Cette information est essentielle puisqu’elle marque aussi le point de départ de la période de report de 15 mois lorsque le salarié est dans l’impossibilité de prendre, au cours de la période de prise des congés payés, tout ou partie des congés payés qu’il a acquis (quelle que soit l’origine de l’acquisition : temps de travail effectif, maladie, ATMP, etc.) en raison d’une maladie ou d’un accident[14].

Cette période de report de 15 mois s’applique quel que soit le motif à l’origine de l’arrêt de travail : professionnel ou non. Il « suffit » que le salarié n’ait pas pu prendre tout ou partie des congés acquis sur la période de prise.

Cette durée de 15 mois est un minimum légal, elle peut être augmentée par accord d’entreprise ou d’établissement, ou à défaut, par un accord de branche[15].

Au-delà de ces 15 mois de report, si le salarié n’a pas pris la totalité des congés payés reportés alors qu’il est revenu normalement dans l’entreprise, ils sont perdus[16].

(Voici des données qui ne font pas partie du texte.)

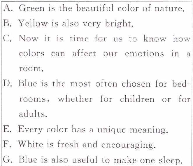 Many of us, who have a “meditation(冥想)room”, do so because blue can make people relaxed and peaceful. 3. G

Des règles spécifiques de décompte de la période de report de 15 mois sont fixées pour les salariés dont le contrat de travail est suspendu depuis au moins un an à la date de fin de période d’acquisition des congés payés. Pour ces salariés en longue maladie, le report est également de 15 mois, à l’exception suivante près : le point de départ du report est situé « à la date à laquelle s’achève la période de référence au titre de laquelle les congés ont été acquis »[17]. Autrement dit, la période de report de 15 mois peut débuter alors même que le salarié est toujours en arrêt de travail, sans attendre la reprise du travail et sans information du salarié.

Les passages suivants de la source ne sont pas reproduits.